■ MATERIAL SUPPLIED

___

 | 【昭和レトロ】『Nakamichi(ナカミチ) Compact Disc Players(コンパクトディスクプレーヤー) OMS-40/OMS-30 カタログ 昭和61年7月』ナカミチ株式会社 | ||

___

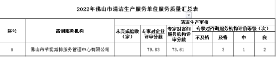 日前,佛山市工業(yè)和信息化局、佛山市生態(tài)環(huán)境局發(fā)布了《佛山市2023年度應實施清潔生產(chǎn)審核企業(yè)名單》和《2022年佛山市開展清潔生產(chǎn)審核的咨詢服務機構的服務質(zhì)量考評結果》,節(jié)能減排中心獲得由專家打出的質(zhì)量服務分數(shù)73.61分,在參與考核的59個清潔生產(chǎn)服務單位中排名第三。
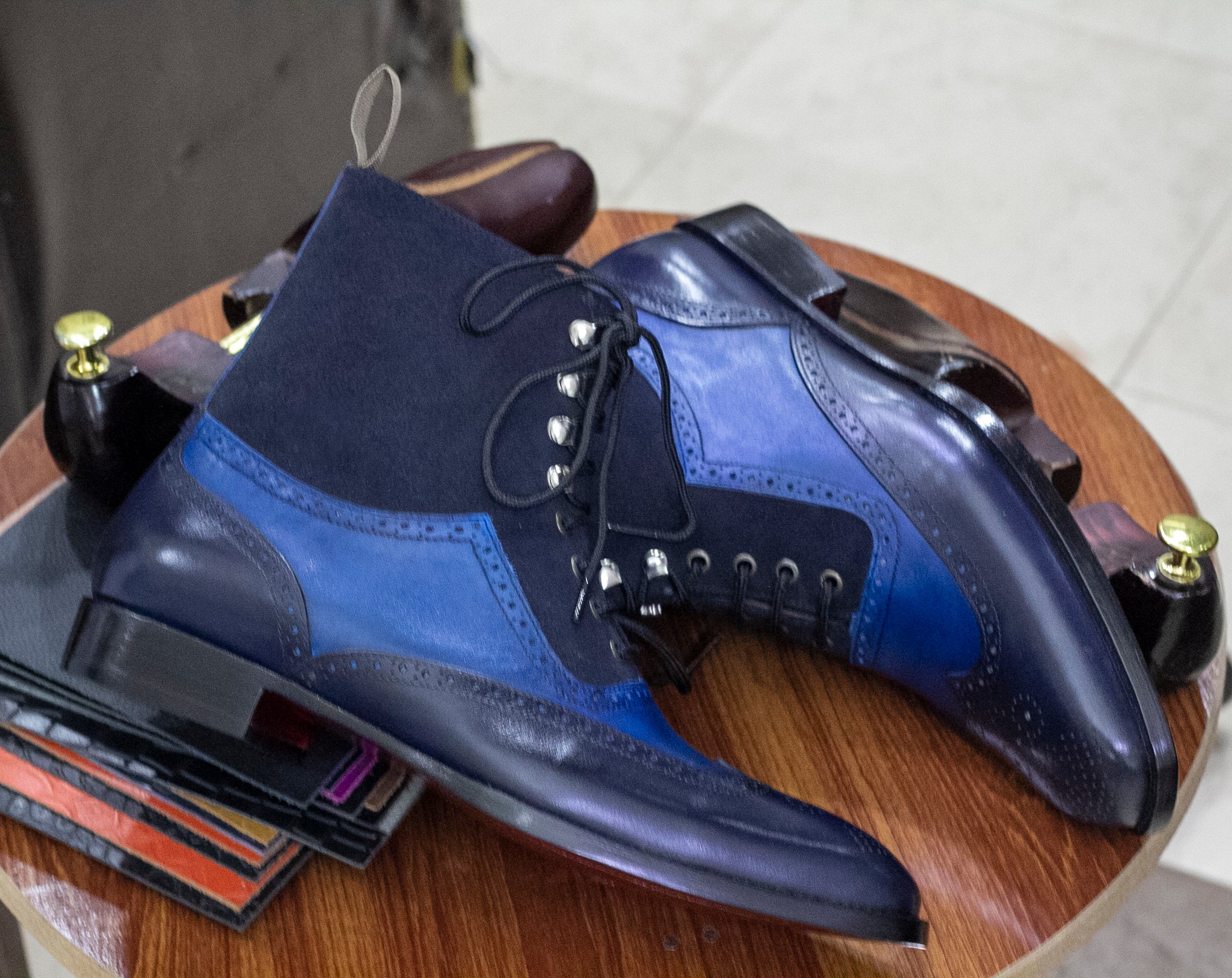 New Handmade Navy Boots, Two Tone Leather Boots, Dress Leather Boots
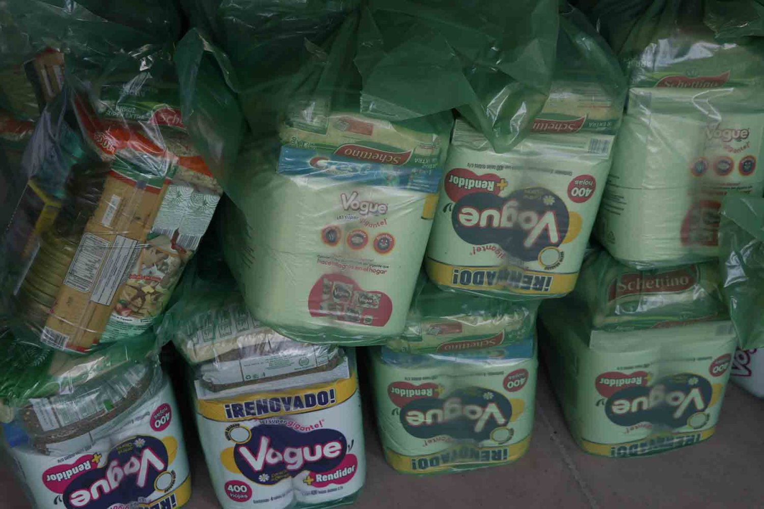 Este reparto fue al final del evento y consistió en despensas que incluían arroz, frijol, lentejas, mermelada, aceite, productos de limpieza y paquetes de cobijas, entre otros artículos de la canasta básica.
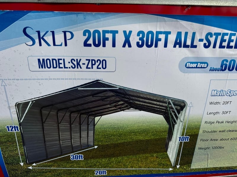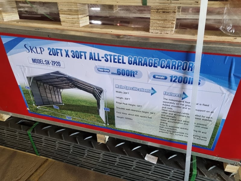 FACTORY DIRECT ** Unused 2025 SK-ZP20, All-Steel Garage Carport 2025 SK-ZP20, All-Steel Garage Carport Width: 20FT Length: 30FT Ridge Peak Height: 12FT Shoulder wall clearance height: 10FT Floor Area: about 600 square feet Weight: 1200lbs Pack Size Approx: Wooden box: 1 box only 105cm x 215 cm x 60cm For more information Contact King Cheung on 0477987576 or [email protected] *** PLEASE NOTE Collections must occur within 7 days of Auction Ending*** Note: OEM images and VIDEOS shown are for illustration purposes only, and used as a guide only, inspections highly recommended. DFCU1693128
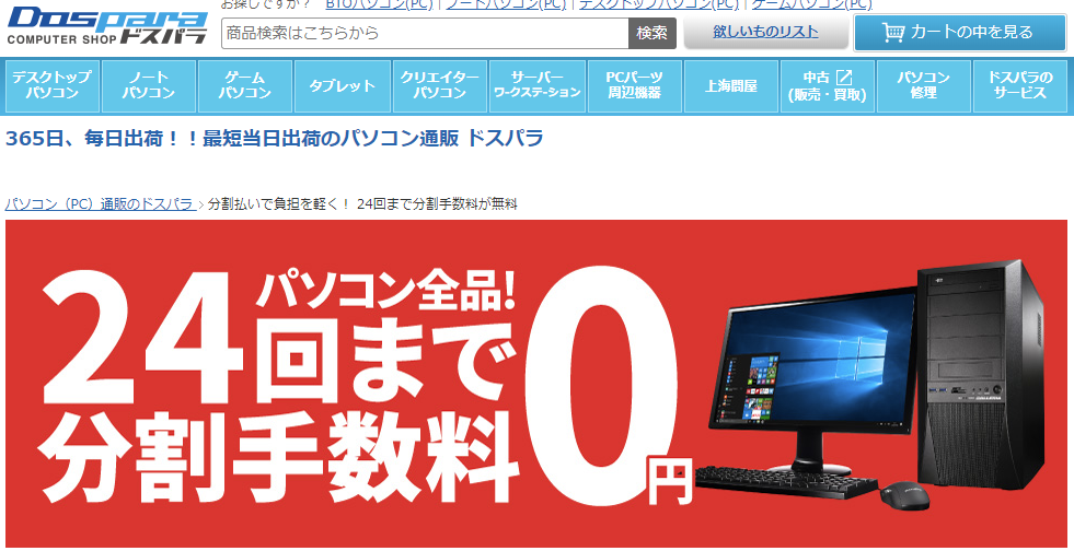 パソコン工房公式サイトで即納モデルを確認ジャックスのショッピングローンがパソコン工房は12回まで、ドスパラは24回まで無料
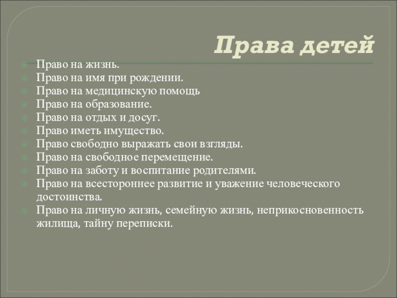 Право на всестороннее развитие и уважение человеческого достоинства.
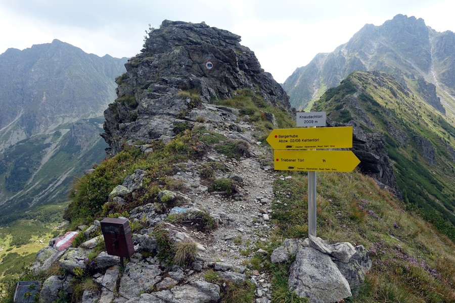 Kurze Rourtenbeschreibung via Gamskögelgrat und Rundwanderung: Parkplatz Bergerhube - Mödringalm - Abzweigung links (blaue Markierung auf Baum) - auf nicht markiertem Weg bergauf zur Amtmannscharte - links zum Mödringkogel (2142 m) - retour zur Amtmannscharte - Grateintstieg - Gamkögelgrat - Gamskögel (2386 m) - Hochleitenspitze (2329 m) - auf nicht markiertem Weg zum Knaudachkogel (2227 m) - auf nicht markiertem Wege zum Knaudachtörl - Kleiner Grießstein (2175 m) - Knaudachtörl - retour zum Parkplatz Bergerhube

___

■ WORK TO COMPLETE
Starting from the line with "日前,佛山市工業(yè)和信" in the records above, repeat each line exactly until you have written the line with "Este reparto fue", then stop; drop the pictures.

■ WRITTEN SOLUTION
 日前,佛山市工業(yè)和信息化局、佛山市生態(tài)環(huán)境局發(fā)布了《佛山市2023年度應實施清潔生產(chǎn)審核企業(yè)名單》和《2022年佛山市開展清潔生產(chǎn)審核的咨詢服務機構的服務質(zhì)量考評結果》,節(jié)能減排中心獲得由專家打出的質(zhì)量服務分數(shù)73.61分,在參與考核的59個清潔生產(chǎn)服務單位中排名第三。
 New Handmade Navy Boots, Two Tone Leather Boots, Dress Leather Boots
 Este reparto fue al final del evento y consistió en despensas que incluían arroz, frijol, lentejas, mermelada, aceite, productos de limpieza y paquetes de cobijas, entre otros artículos de la canasta básica.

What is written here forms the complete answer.